The data suggest that polymorphisms in the 3′ end of GATA2 may increase susceptibility to developing CAD. We identified several novel SNPs within the sixth exon of GATA2 but did not identify association with early-onset CAD or LD between these SNPs and SNPs that were found to be associated with early-onset CAD. Although the functional relevance of our two most significantly associated SNPs remains unknown, one of these SNPs, rs3803, is conserved between multiple species (human, mouse, rat, and dog) and lies near one of three known polyadenylation sites [31,32]. We are currently investigating whether any of these polymorphisms control tissue-specific polyadenylation of this transcript.

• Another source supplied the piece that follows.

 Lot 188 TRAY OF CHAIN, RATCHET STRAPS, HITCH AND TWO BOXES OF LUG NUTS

We searched for haplotypes associated with disease using the GENECARD and CATHGEN cohorts. We identified several pairwise haplotypes in GENECARD, three of which were significant in CATHGEN; however, we were unable to identify a single consistent haplotype combination when we expanded these haplotypes to include four SNPs. There are at least three possible explanations for these results. The analysis in the CATHGEN group may be underpowered when additional markers are added to the haplotypes, thus creating additional rare haplotypes. There may also be an ungenotyped SNP in weak LD with both haplotype sets, which would explain the finding of association with two separate sets of SNPs. A third explanation for these findings is that there is no single haplotype underlying the increased risk for CAD, but rather there are multiple SNPs and potentially multiple independent haplotypes. A larger sample size and additional genotyping will be required to evaluate these scenarios. Although the haplotype results do not point to a consistent risk haplotype within the GATA2 gene, taken together our results identify nucleotide variants within GATA2 as a risk factor of early-onset CAD.

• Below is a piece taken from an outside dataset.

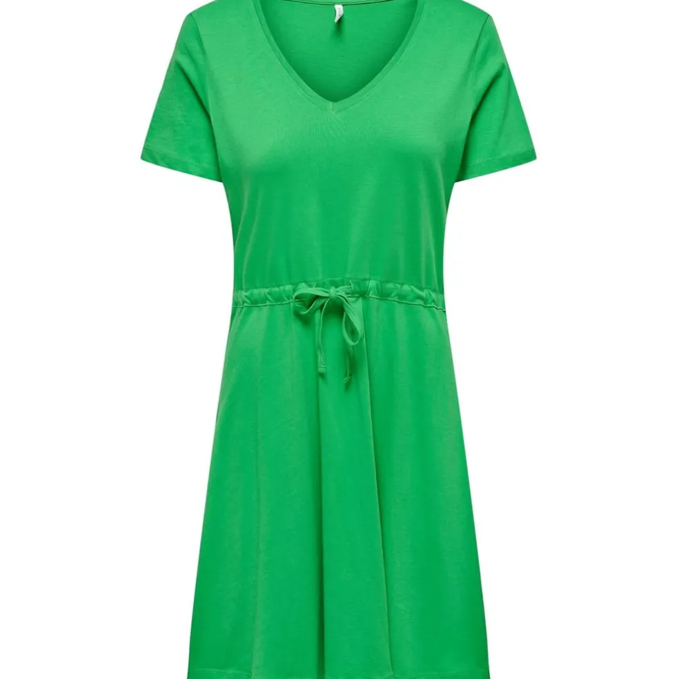 The Only May mini dress is a stylish choice for casual outings. Featuring a solid pattern, this t-shirt style dress comes with a flattering V-neck and short sleeves. The drawstring closure adds a touch of practicality, making it easy to adjust for comfort. Its simple yet elegant design makes it a versatile addition to any wardrobe.

One of the more difficult aspects of genetic association analysis is the appropriate multiple comparison correction of the statistical significance of any given result. These corrections range from the most conservative Bonferroni correction, to false discovery rate approaches , to weighted corrections of combined data, to no correction at all. In our case we report uncorrected p-values; however, it should be noted that the results for the haplotype analysis would, in fact, survive a Bonferroni correction. We base our enthusiasm for GATA2 as a gene implicated in CAD susceptibility because we identified two separate significant markers in low LD in two independent populations. We believe that it is highly likely that they constitute two important independent markers for two reasons: they are physically linked within the same gene and in the same part of the gene and are significantly associated with disease in two independent populations. Further work to elucidate the function of GATA2 in CAD, including the CAD-associated polymorphisms and its downstream targets, is necessary in order to begin to understand the role this transcription factor plays in this disease.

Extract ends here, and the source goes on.